Of course, it's not a John Carpenter film without multiple scenes involving mutilation and gory deaths. While Carpenter makes sure to include a handful of reaction shots, the preceding scenes are constructed haphazardly. With minimal character development, Village of the Damned marks time through the periodic deaths of the secondary characters, with several of them dumbly confronting the alien children with their suspicions or desire to do the children harm. The children react unsympathetically to these threats, with their eyes glowing (from green to red) to signal their malevolent intentions. Late in the film, the not-so-bright authorities decide to take on the children in a frontal attack, with predictable results. The glowing eyes are the primary special effect used in Village of the Damned, as it was in the black-and-white original. Alas, it simply worked better in the unadorned original film. Here, Carpenter opts for fairly risible effects that completely undermine whatever menace he hoped the alien children would create for audiences.

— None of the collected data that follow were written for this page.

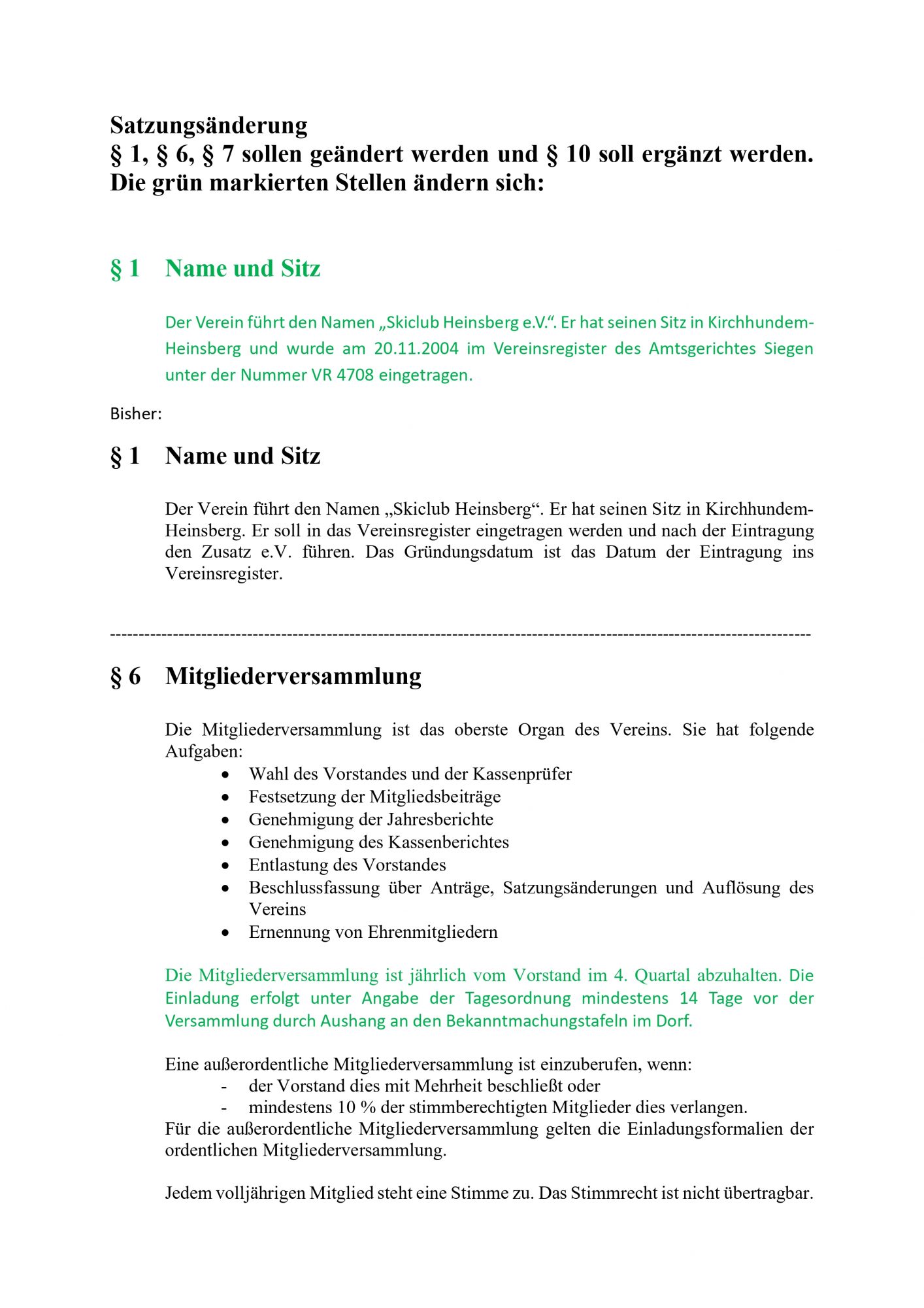 In Vorbereitung auf die Jahreshauptversammlung des Skiclub Heinsberg am 14.11.2025 im „Kuckucksnest“ (ehem. SGV-Heim) ist hier die geplante Satzungsänderung einzusehen.
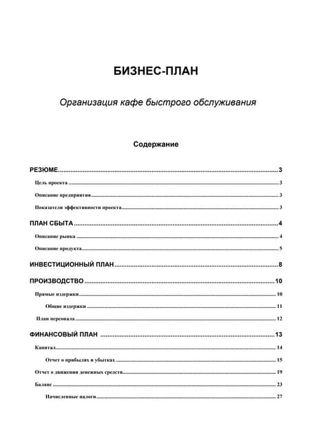 Бизнес планы кафе готовые примеры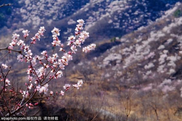 2023年3月18日,北京昌平郊区,山桃花遍布山野,环抱着村庄,行车在怀长路和昌赤路上便可欣赏这如画精致。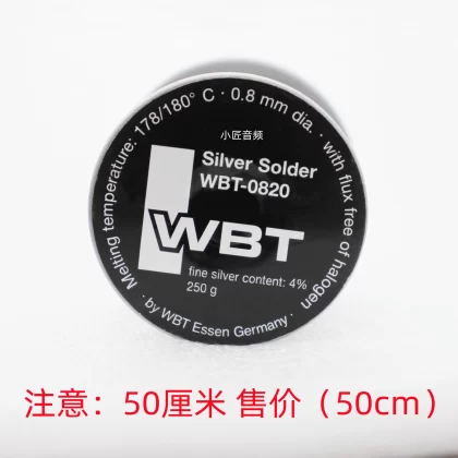| nameOriginal | German original fidelity spot WBT 0820 0.8mm silver-containing 4% tin wire hifi audio headset solder wire containing flux rosin low melting point 178℃ 180℃ soldering light tin |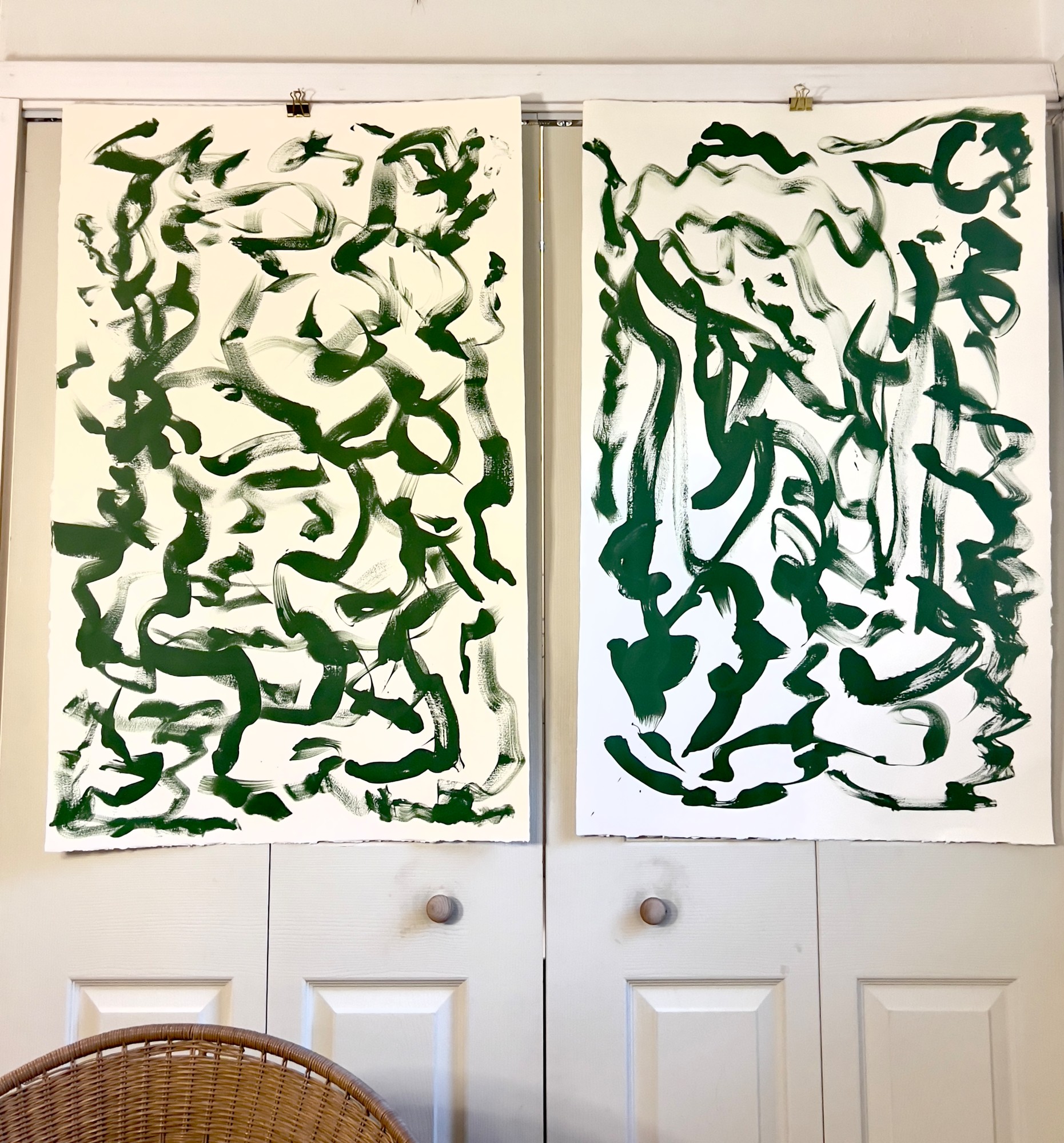 MessageCollect the diptych, two paintings to be hung together, next to each other. Each is 41" x 26" with deckle edge. $7000 for the diptych, $3600 each unframed.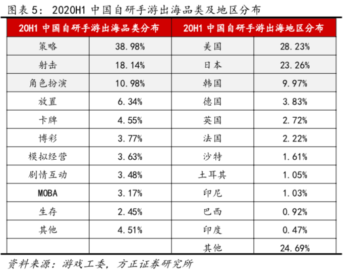 20H1中国自研游戏出海收入规模76亿美元(约人民币534亿元、YOY+36.32%),增速高于国内。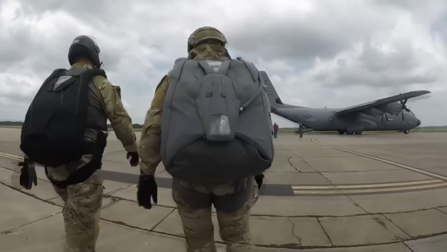 Lanzamiento de Humvees desde un Globemaster y paracaidistas saltando desde un Hércules C-130 de la USAF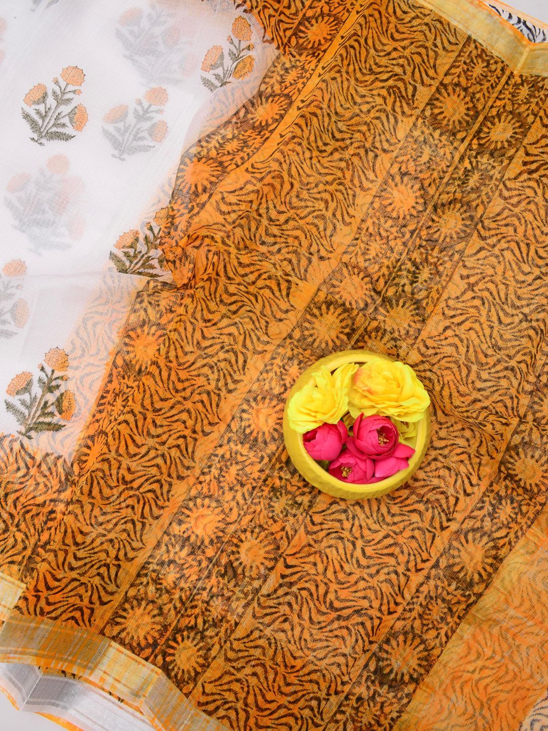 Graceful Kota Doria saree crafted in pure cotton, adorned with intricate hand block prints. Lightweight, airy, and elegant, itโ€™s perfect for festive celebrations or daily wear, showcasing timeless Indian craftsmanship beautifully.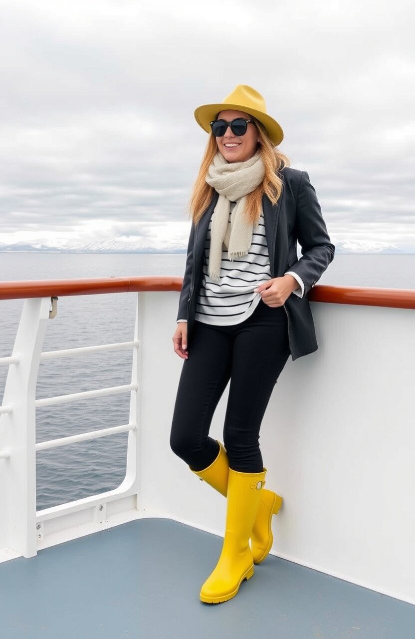 Yellow boots are like a ray of sunshine on a cloudy day. They bring a cheerful vibe to any outfit, perfect for brightening up the gray days at sea. Pair them with a monochrome outfit to let the boots be the star.
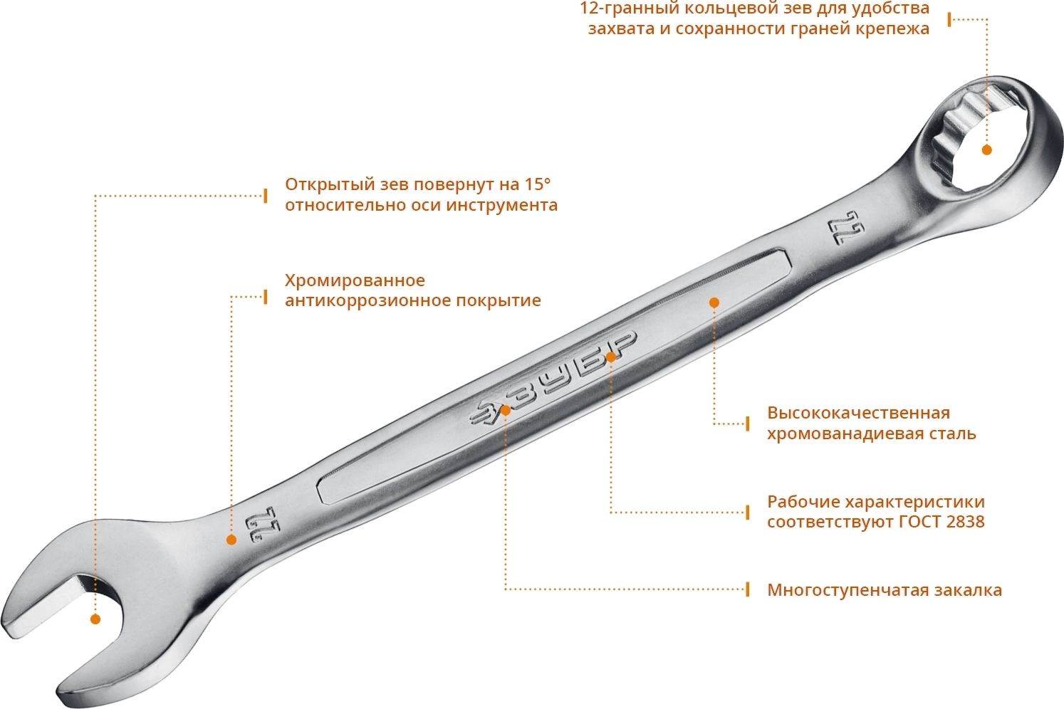 Комбинированный гаечный ключ ЗУБР 22 мм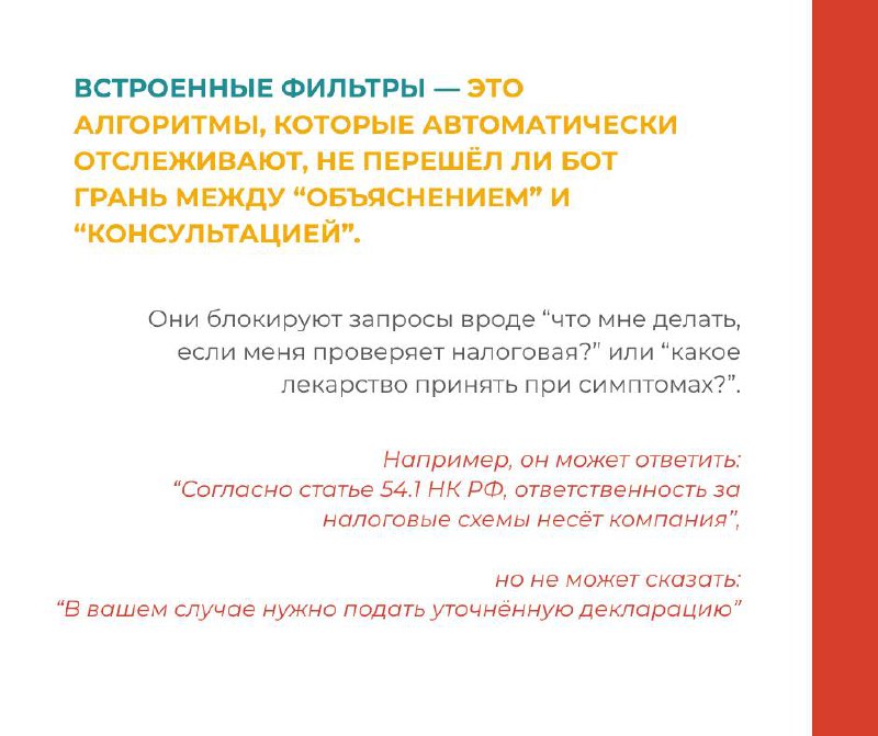 Теперь бот не расскажет, как оформить сделку, выбрать налоговый режим или защитить персональные данные.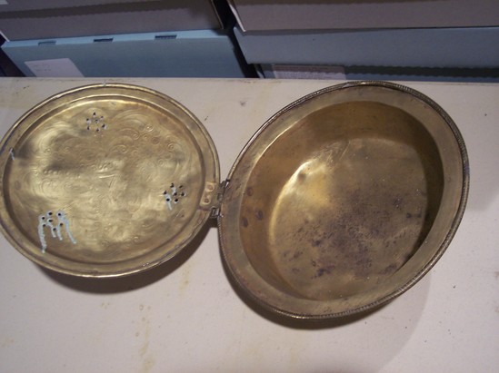 Spun brass pan with tapered sides, flat rim with rolled and incised edge, hinged top with round end tab on socket, copper rivets. Ring end to socket. Top has same rim as pan, and flat domed top with three sets of holes in circles with one in center of each. Geometric engraving with triangular base. Turned wooden handle.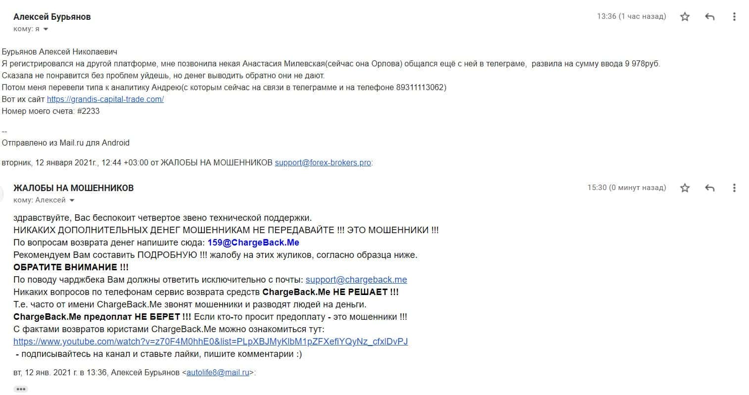 На почтовый адрес сайта по сбору информации о деятельности мошенников форекс пришла жалоба о скам-брокере Грандис Капитал Трейд, пострадавший оставил их контактные данные: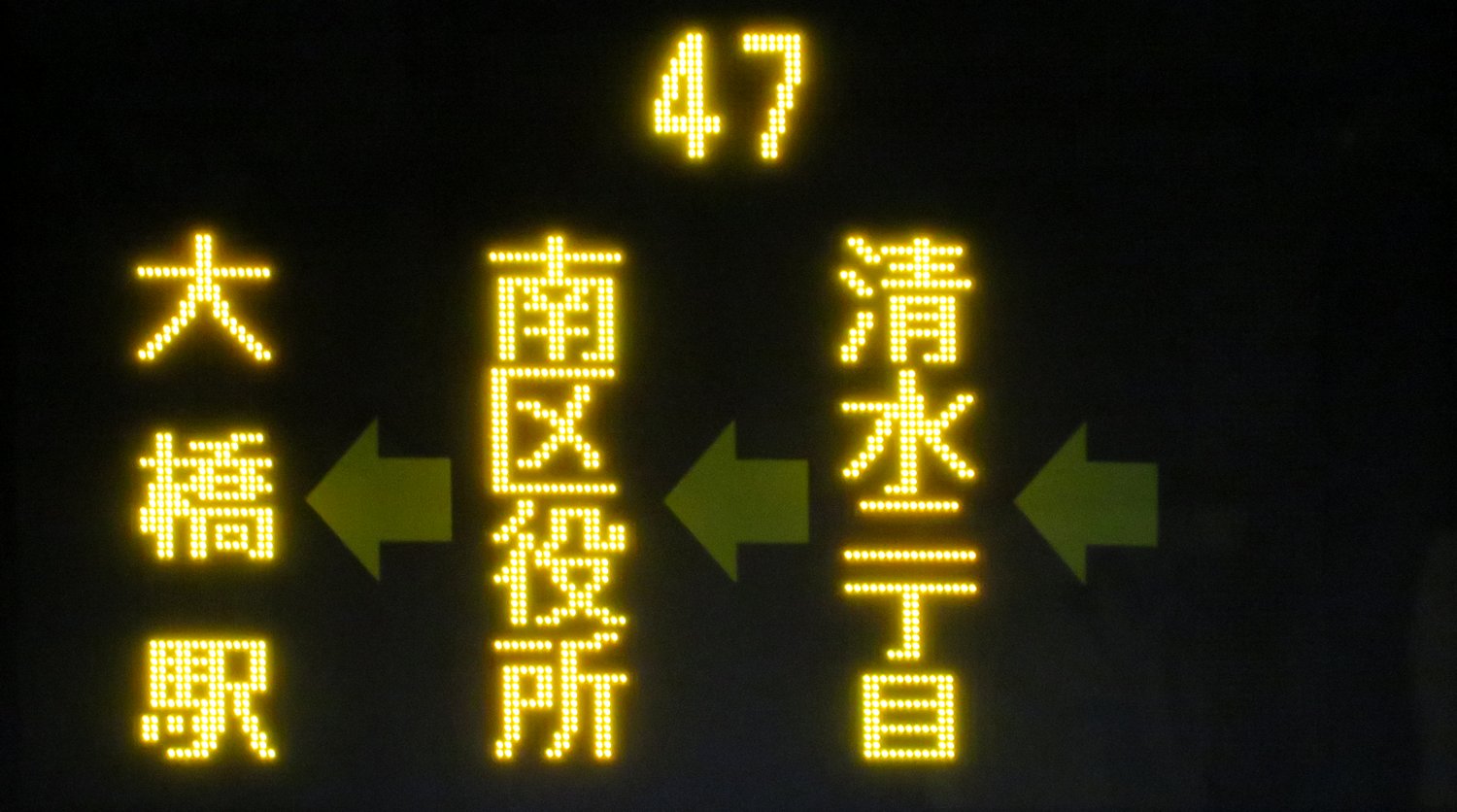 | 現存 |  | 行先: 47 西鉄大橋駅 経由地: 清水二丁目,南区役所 表示区間: 美野島一丁目→西鉄大橋駅 撮影日: 2019-11-25 公開日: 2020-06-08 撮影者: nnr_1510 備考: ★■博多駅前A始発便のみ表示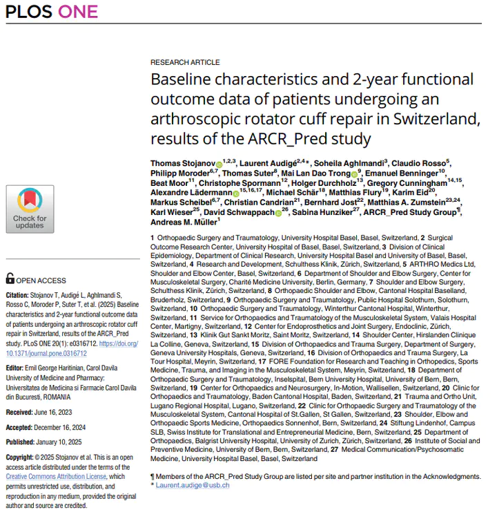 The ARCR_Pred study was initiated to document and predict the safety and effectiveness of arthroscopic rotator cuff repair (ARCR) in a representative Swiss patient cohort. In the present manuscript, we aimed to describe the overall and baseline characteristics of the study, report on functional outcome data and explore case-mix adjustment and differences between public and private hospitals. Between June 2020 and November 2021, primary ARCR patients were prospectively enrolled in a multicenter cohort across 18 Swiss and one German orthopedic center. Baseline characteristics, including sociodemographic and diagnostic variables, were reported. Clinical scores and patient-reported outcome measures were assessed up to 24-month follow-up. After screening 2350 individuals, 973 patients with ARCR were included. Follow-up rates reached 99%, 95%, 89% and 88% at 6 weeks, 6, 12, and 24 months, respectively. While the proportion of massive tears was higher in the study population (44% vs. 20%, Std. Diff. = 0.56), there were no other major differences in key characteristics between enrolled and non-enrolled patients or in patients lost to follow-up. Functional scores improved over time, with positive changes rates ranging from 83% to 92% at 6-month, reaching 91% to 97% at 12- and 24-month follow-up. In linear mixed models, used to estimate the associations between baseline factors, hospital type and standardized 0–100 scores, marginal effects for time ranged from 20 to 30, 28 to 39 and 34 to 41 points at the 6-, 12- and 24-month follow-up, respectively. Except at the 12-month follow-up, where marginal effects for the interaction terms ranged from -5 to -4 points in the standardized scores, there were no consistent outcome differences between public and private hospitals. Increasing number of years of education was consistently associated with better scores, greater feelings of depression and anxiety, smoking and ASA group III-IV were consistently associated with worse scores. Tear severity showed a consistent negative association solely for the Constant-Score. The ARCR_Pred study shows high potential for generalizability to the population of patients undergoing an ARCR in Switzerland. Further analyses are needed to establish relevant clinimetrics for the Swiss population and to compare outcomes for surgical techniques, surgeon experiences profiles and post-operative management.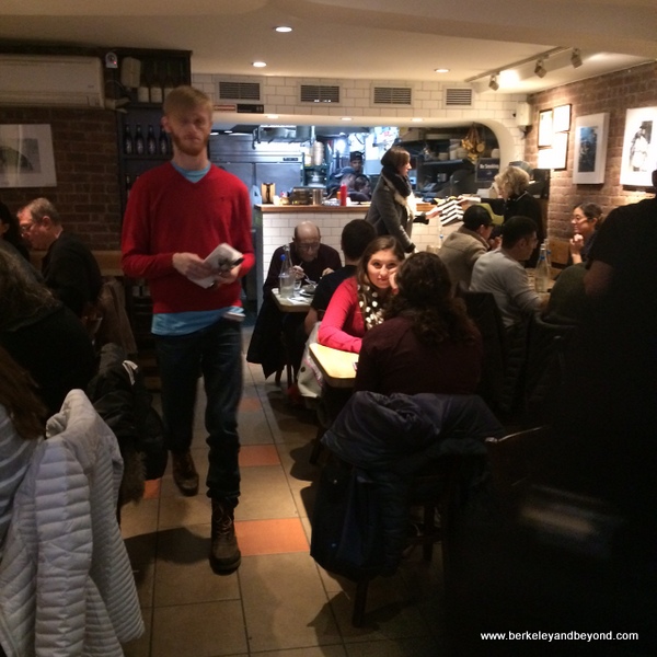 Persepolis 1407 2nd Ave./73rd St., Upper East Side, (212) 535-1100. It is fun here to make a meal of appetizers and salads. The flavorful Persian food includes Eggplant Mirza (a roasted puree with mint, tomato, garlic, and yogurt), refreshing Yogurt & Shallots, and Shirazi Salad (chopped cucumber, tomato, and parsley). Since I was with a vegan I shared Khorest Ghormeh Sabzi (a green vegetable and red bean stew) and Khorest Gaimeh Badamjan (a split pea, eggplant, and tomato stew). But what I really wanted was the Khorest Fesenjan (chicken with pomegranate and walnuts). However, our veggie items were served over a sour cherry rice and a dill-fava bean rice and were very tasty. I was here for a late lunch, so there weren’t many people dining then, but a man seated nearby was someone I recognize from PBS—but darned if I can remember his name or role, though I think it was a mystery.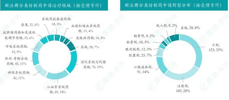 - 申请品种主要为心血管系统药物,申请剂型主要为注射剂和片剂;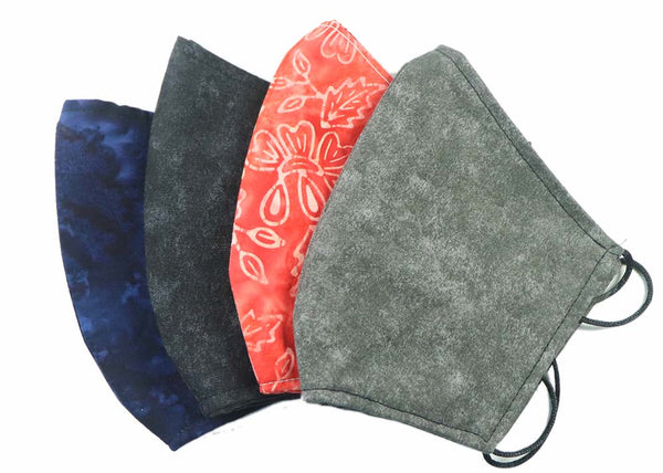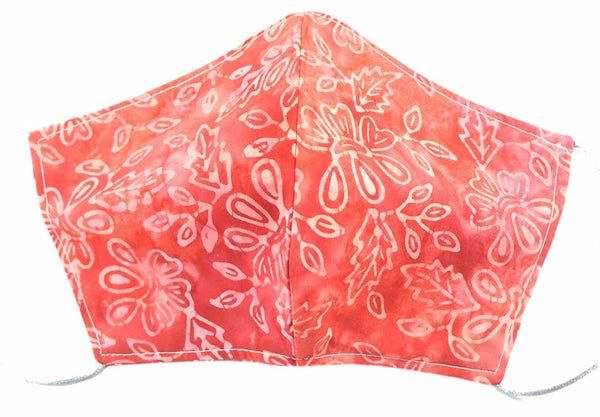 MASK: Cherry Geranium #1 - Large Size: Large - Approximately 8.5 wide x 6 high (in inches @ widest/highest points) Materials: Cotton, Interfacing, Nylon cord In stock: 1_______ These masks are made with interfacing between the outer fabric and lining. The nylon cord can be...

Village of the Damned's weaknesses don't end there, however. Carpenter and his screenwriter added a character, a minister, absent from the original. It's an addition that adds little (and Mark Hamill's overacting doesn't help) and what it does add, some biblical thumping about abominations and creation (e.g., the "made in the image of God" quote gets a workout) are both poorly written and poorly integrated into the film. The addition of the minister seems to have been primarily cosmetic, as another means of distinguishing the remake from the original. Carpenter should have erred on the side of caution and simply deleted this particular subplot (it would have helped the pacing too).Whether Carpenter's uninspired direction or the pedestrian screenplay should be blamed, "Village of the Damned" isn't likely to be considered a "classic" in the same way the original now enjoys or even the "cult" status among Carpenter's fans, but seen within the context of his career or in reference and comparison to the 1960 version, it's far more worthwhile than it otherwise would have been. Everyone else, however, should proceed with caution or low expectations.